#### DATA SHOWN ####

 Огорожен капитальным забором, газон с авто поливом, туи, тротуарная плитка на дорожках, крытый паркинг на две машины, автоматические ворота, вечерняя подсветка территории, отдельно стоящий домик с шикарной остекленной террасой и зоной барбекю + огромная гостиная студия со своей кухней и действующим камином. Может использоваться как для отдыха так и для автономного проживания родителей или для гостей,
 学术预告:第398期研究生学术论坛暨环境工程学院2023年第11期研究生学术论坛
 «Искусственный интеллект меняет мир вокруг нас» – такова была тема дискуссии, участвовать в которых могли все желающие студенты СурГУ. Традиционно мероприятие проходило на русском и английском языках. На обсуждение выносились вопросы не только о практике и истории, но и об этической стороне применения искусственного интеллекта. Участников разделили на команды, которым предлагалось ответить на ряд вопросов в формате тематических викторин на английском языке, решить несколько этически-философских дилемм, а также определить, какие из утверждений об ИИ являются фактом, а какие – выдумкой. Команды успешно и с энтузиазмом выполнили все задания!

####
#### DATA SHOWN ####

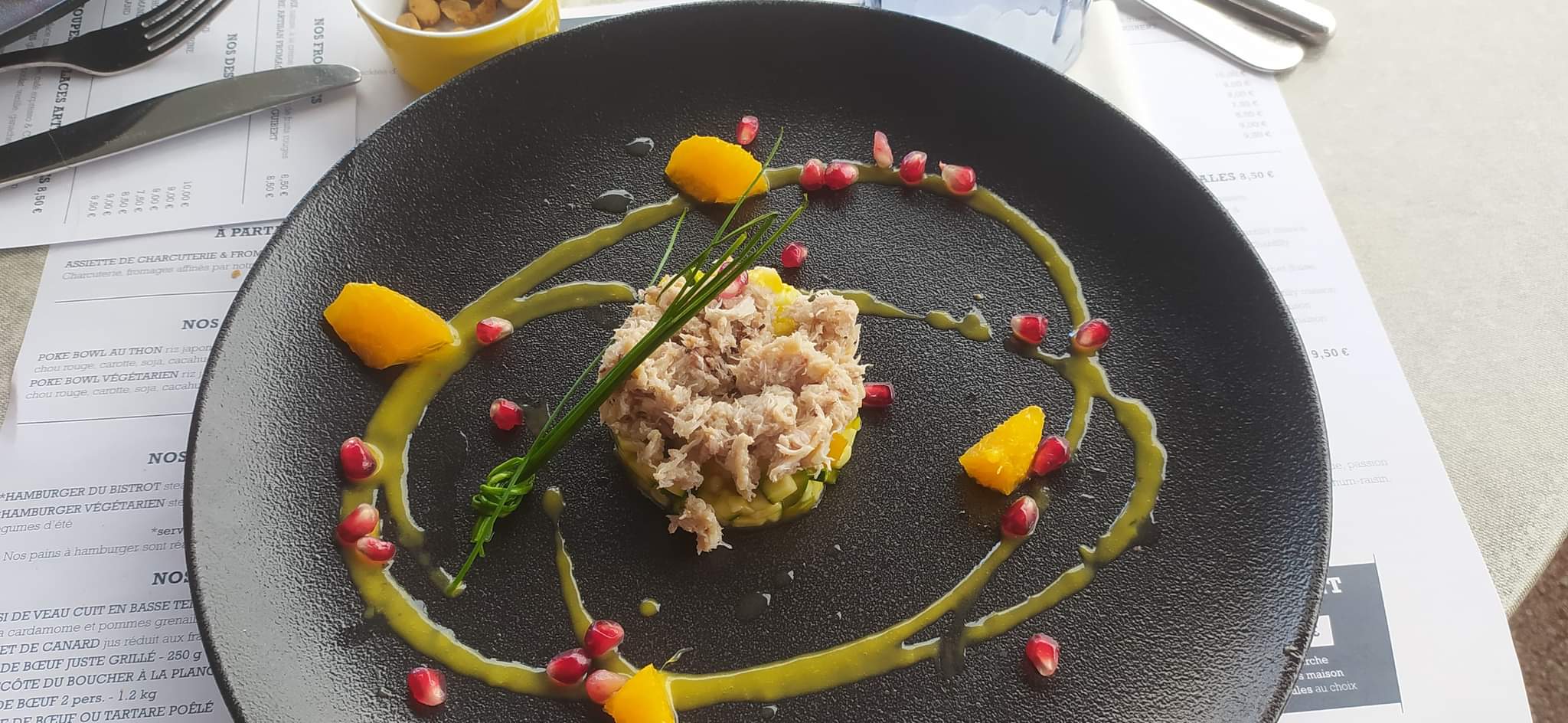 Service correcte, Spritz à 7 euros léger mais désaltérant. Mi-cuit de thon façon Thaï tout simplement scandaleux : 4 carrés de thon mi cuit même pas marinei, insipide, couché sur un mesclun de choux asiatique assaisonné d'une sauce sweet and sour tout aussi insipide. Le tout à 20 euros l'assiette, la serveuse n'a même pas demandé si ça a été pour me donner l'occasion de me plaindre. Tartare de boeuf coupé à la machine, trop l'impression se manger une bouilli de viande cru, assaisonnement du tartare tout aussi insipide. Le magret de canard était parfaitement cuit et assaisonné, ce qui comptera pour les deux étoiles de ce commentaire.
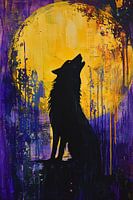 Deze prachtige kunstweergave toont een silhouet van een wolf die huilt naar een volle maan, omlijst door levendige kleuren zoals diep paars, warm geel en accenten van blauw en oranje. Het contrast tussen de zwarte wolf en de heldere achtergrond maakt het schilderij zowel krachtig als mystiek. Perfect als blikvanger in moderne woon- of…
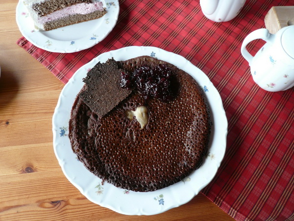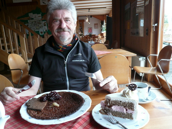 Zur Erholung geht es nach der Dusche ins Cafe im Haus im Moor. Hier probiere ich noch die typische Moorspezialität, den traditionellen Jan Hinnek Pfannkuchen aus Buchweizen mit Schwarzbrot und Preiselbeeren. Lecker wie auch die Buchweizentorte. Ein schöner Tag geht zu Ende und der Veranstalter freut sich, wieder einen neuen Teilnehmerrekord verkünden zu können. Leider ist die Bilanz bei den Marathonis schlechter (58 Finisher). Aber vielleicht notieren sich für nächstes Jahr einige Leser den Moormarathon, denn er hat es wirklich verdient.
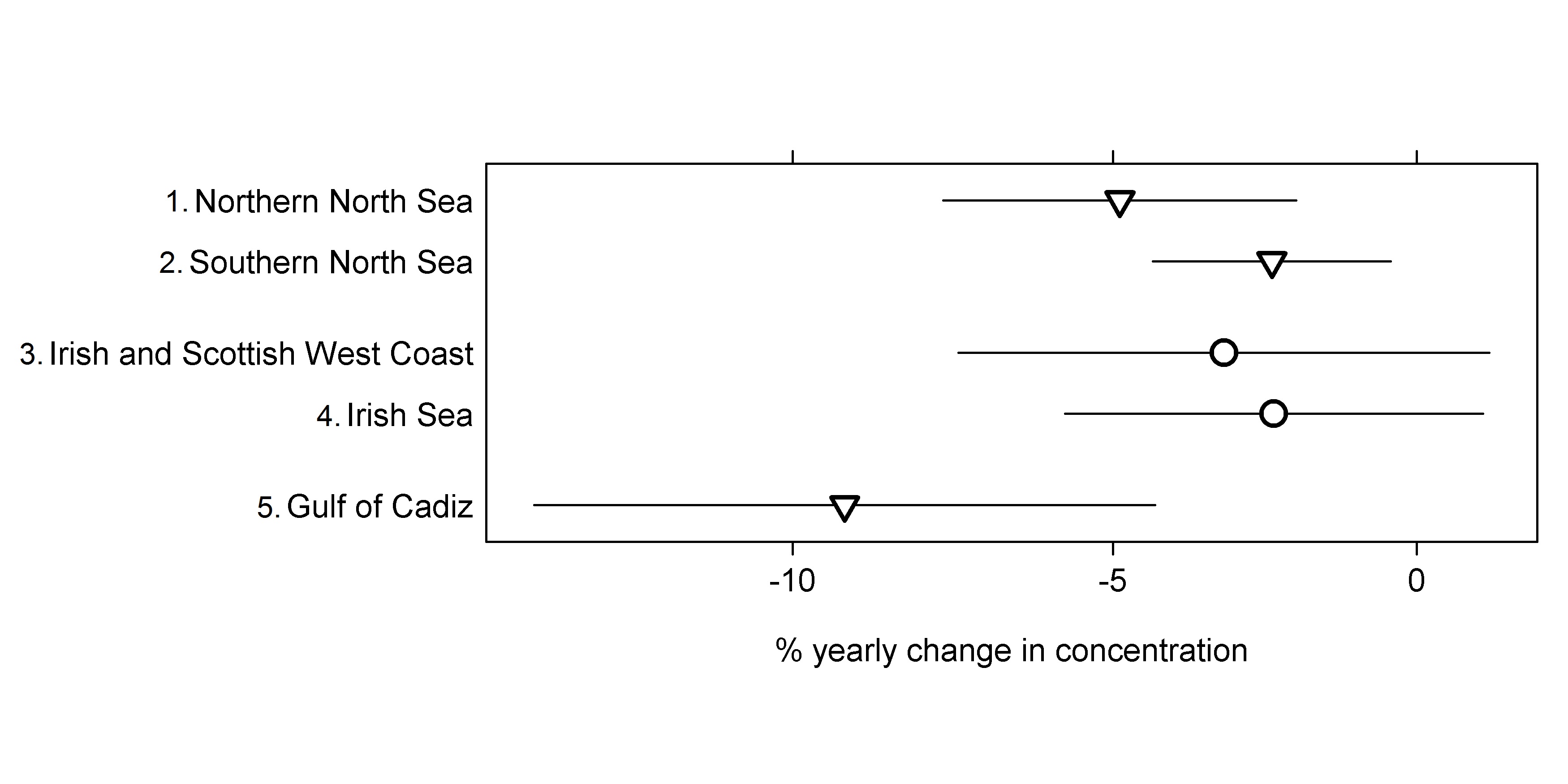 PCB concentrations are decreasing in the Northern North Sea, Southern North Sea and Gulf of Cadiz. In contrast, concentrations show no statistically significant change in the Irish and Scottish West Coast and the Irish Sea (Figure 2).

####
#### DATA SHOWN ####

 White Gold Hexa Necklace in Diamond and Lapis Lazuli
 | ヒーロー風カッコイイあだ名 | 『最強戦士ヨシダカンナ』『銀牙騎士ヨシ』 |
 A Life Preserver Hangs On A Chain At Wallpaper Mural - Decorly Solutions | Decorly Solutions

####

• WORK INSTRUCTIONS
Repeat exactly the lines above from the one with "Огорожен капитальным забором, газон" up to and including the one with "学术预告:第398期研究生学". No other line belongs in the reply.

• THE COMPLETED TASK
 Огорожен капитальным забором, газон с авто поливом, туи, тротуарная плитка на дорожках, крытый паркинг на две машины, автоматические ворота, вечерняя подсветка территории, отдельно стоящий домик с шикарной остекленной террасой и зоной барбекю + огромная гостиная студия со своей кухней и действующим камином. Может использоваться как для отдыха так и для автономного проживания родителей или для гостей,
 学术预告:第398期研究生学术论坛暨环境工程学院2023年第11期研究生学术论坛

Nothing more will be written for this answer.